# 1960S Junghans Electro-Gong - Help Needed



## Tempus12 (Jan 14, 2012)

Hello everyone,

I'm hoping someone here can help with a couple of questions as I just bought my first non-quartz clock. I recently bought a 1960s Junghans Electro-gong, described as fully working and delivered yesterday. It appears to be in great condition but I have two issues; firstly it's not chiming - is there a lever or something I need to change? Secondly, it started running as soon as I put a battery in and kept good time but stopped after 12 hours. A little nudge of the back-and-forth wheely thing and it's off again. I tried another battery, started it off, and it ran for an hour or two but still no chimes.

Apologies for being clueless and thanks in advance for any help.

Image of movement here; http://imageshack.us...s/35/jungu.jpg/


----------



## mel (Dec 6, 2006)

Well, I know little (=zero :lol: ) about this piece, but are you sure there's only one battery? Often older clocks need a battery to run the works, and another to run the chimes/alarms.

And you may wish to go to our "Electric Watches" sub forum, take the "ELECTRIC WATCHES" link at the top of the page and send SilverHawk an e-mail at his website.
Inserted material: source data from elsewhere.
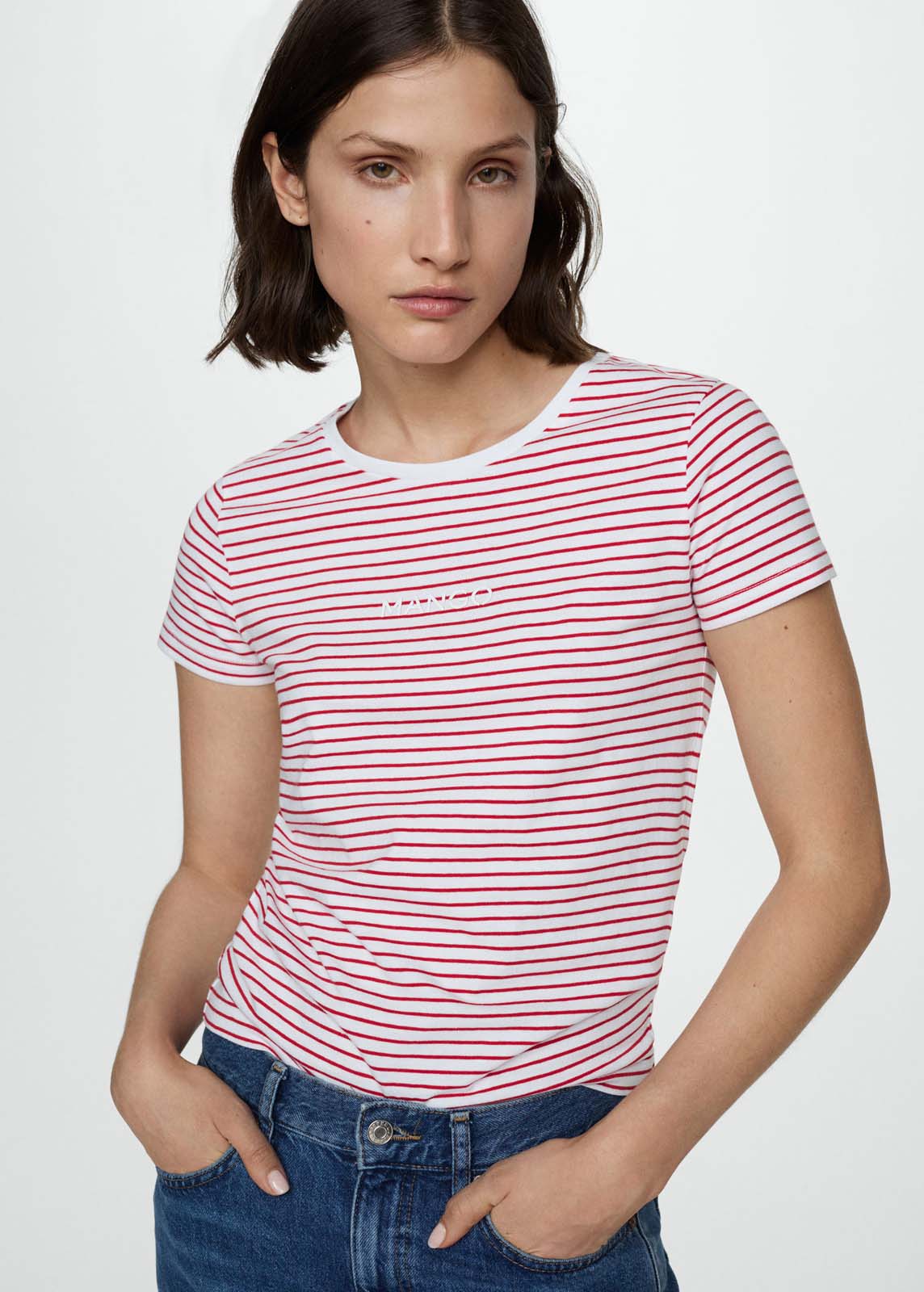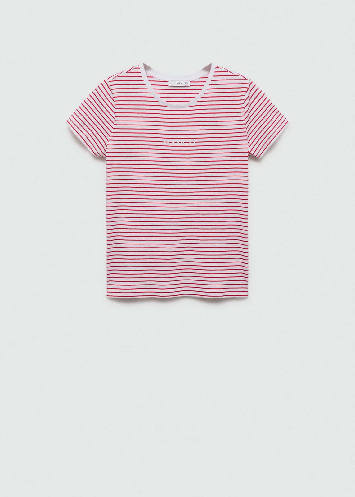 Logo estampado,Manga corta,Cuello redondo,Diseño recto,Diseño de rayas,Tejido 100% algodón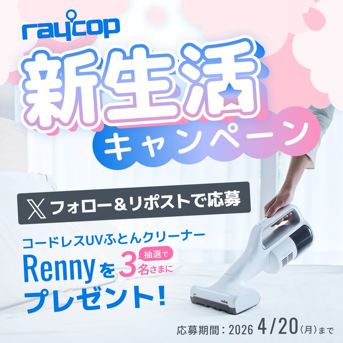 賞品:コードレスUVふとんクリーナー「Renny(レニー)」(3名様)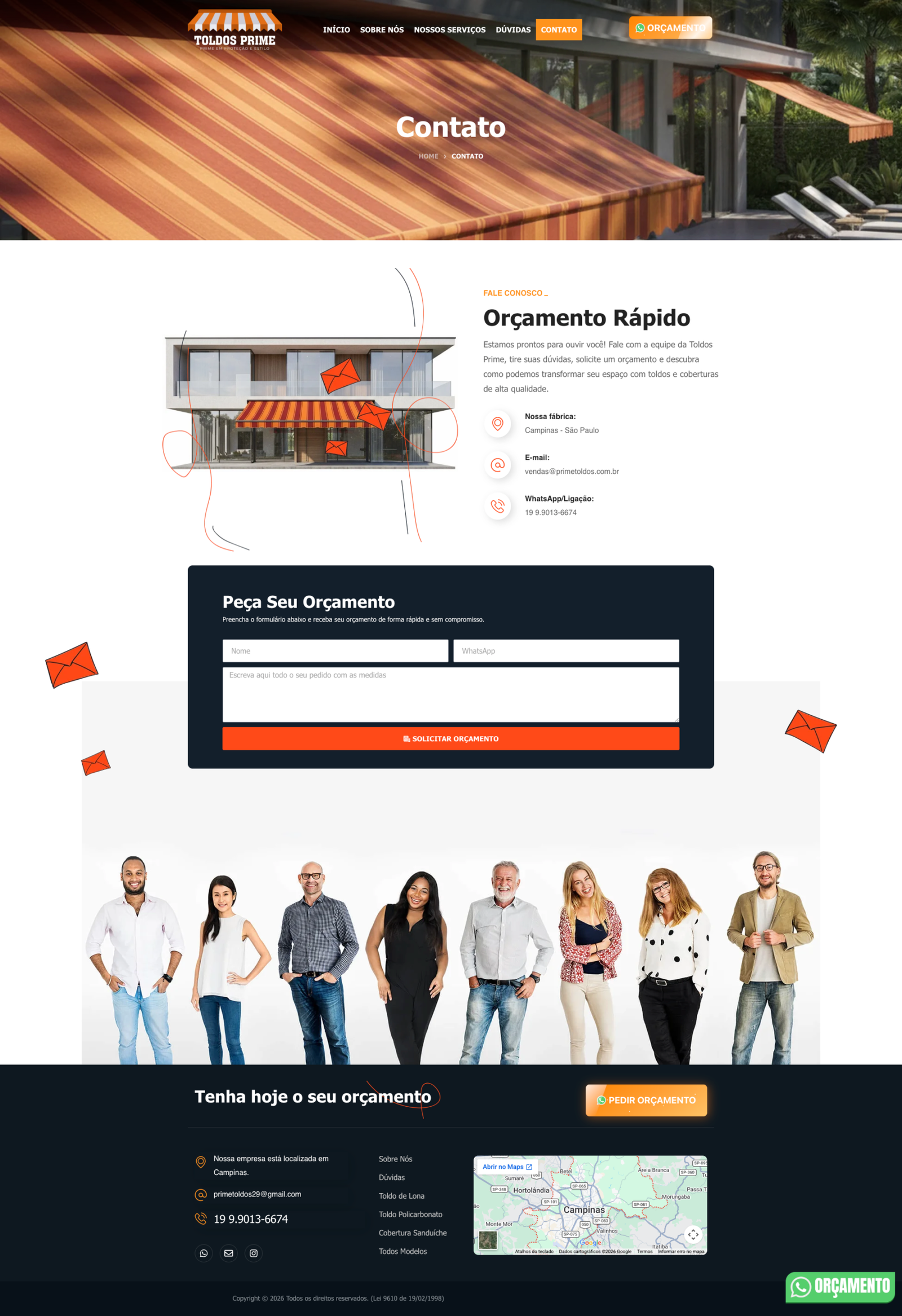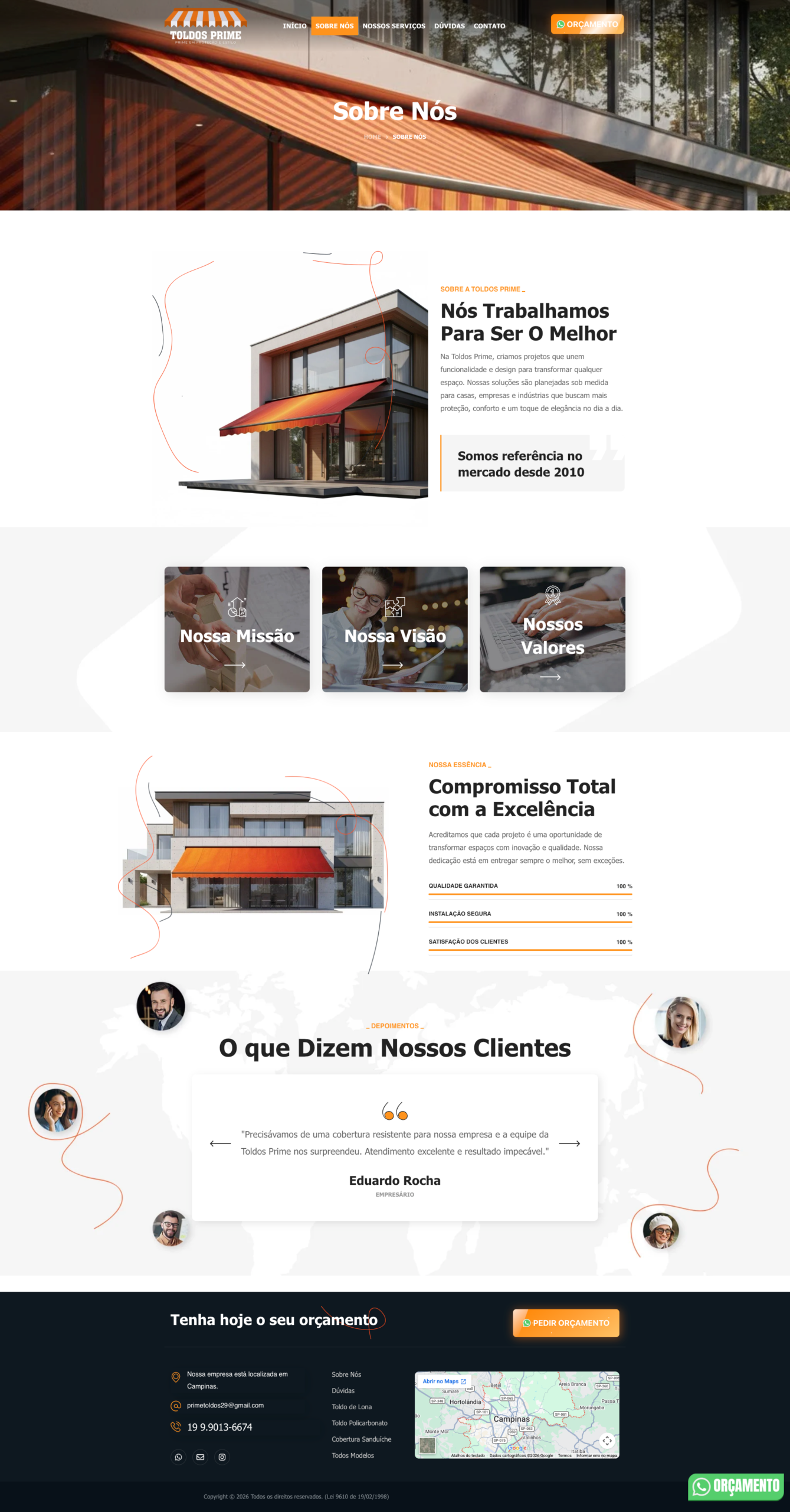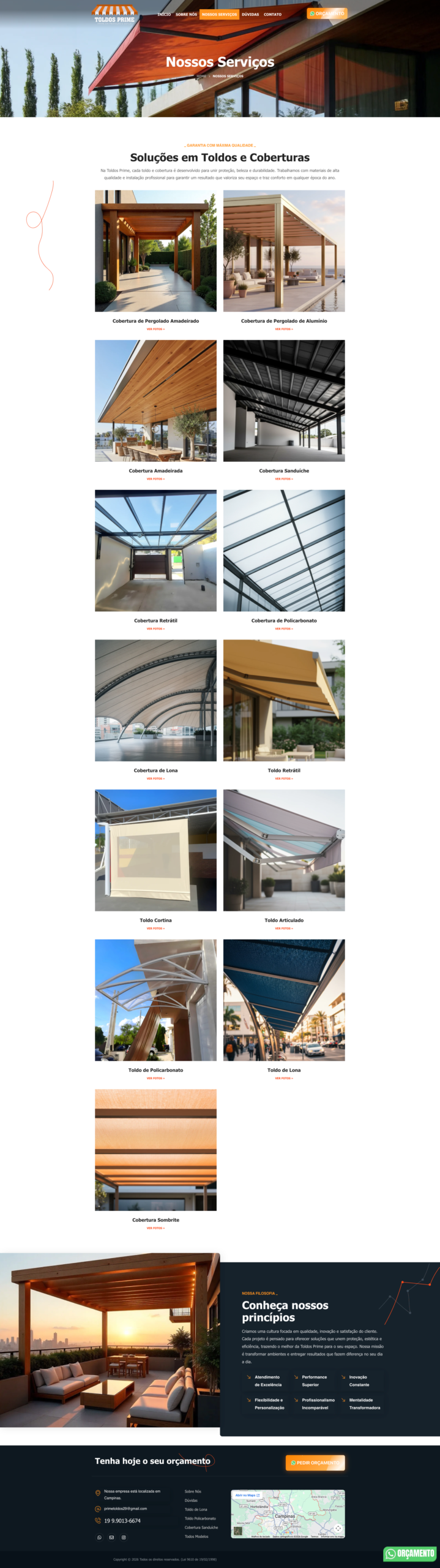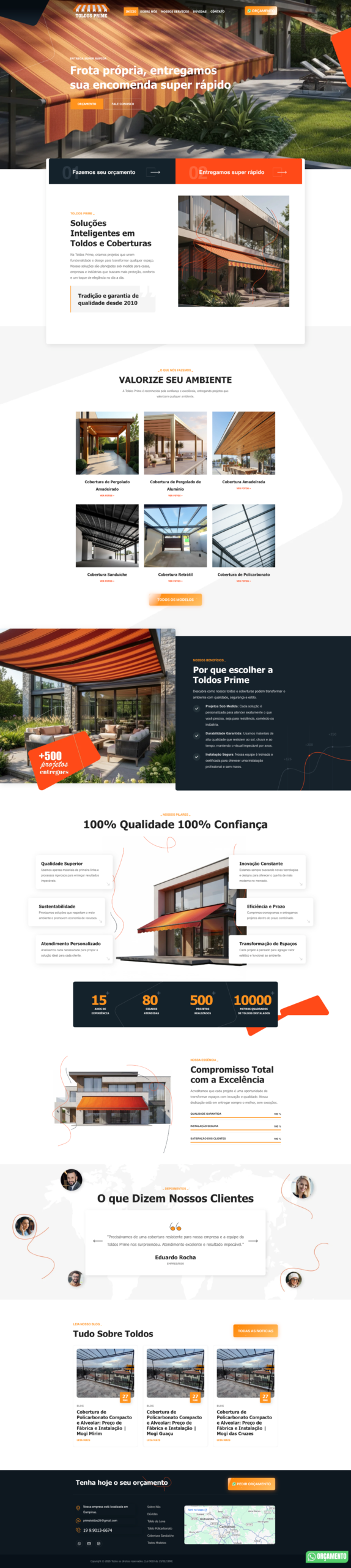 Desenvolvimento de site profissional para a Prime Toldos, com foco em SEO, posicionamento digital e geração de leads. O projeto foi estruturado para destacar seus serviços de toldos e coberturas, aumentar a visibilidade no Google e atrair novos clientes.

SilverHawk is a recognised world expert in Electric pieces, and amy be able to help - I'm not sure how keen he would be about servicing a clock, but he does perform miracles (daily) on older electric watches.

Welcome to :rltb:


----------



## wookie (Apr 27, 2009)

Hi

Is that one of those battery converter thingys being used? if it is try the proper size battery as the clock may draw too much power for for whatever is inside the converter (aa perhaps?)

good luck, hope it sorts it

wookey


----------



## Rigsby (Jan 3, 2012)

Welcome.


----------



## mel (Dec 6, 2006)

Wookey may well be right, *and* if it's a rechargeable in the converter, you need to bite the bullet and buy the proper battery, a NiCad or NiMh cell won't hack it, the terminal voltage is too low even when fully charged compared with a new standard Alkaline battery. :yes:

Didn't think about that one Wookey, I never use converters, they're a waste of time in older kit which would have been designed to use FULL size batteries.


----------



## wookie (Apr 27, 2009)

mel said:


> Wookey may well be right, *and* if it's a rechargeable in the converter, you need to bite the bullet and buy the proper battery, a NiCad or NiMh cell won't hack it, the terminal voltage is too low even when fully charged compared with a new standard Alkaline battery. :yes:
> 
> Didn't think about that one Wookey, I never use converters, they're a waste of time in older kit which would have been designed to use FULL size batteries.


Totaly agree Mel :yes: , those converters are about as much use as a chocolate teapot in older gear,

wookey


----------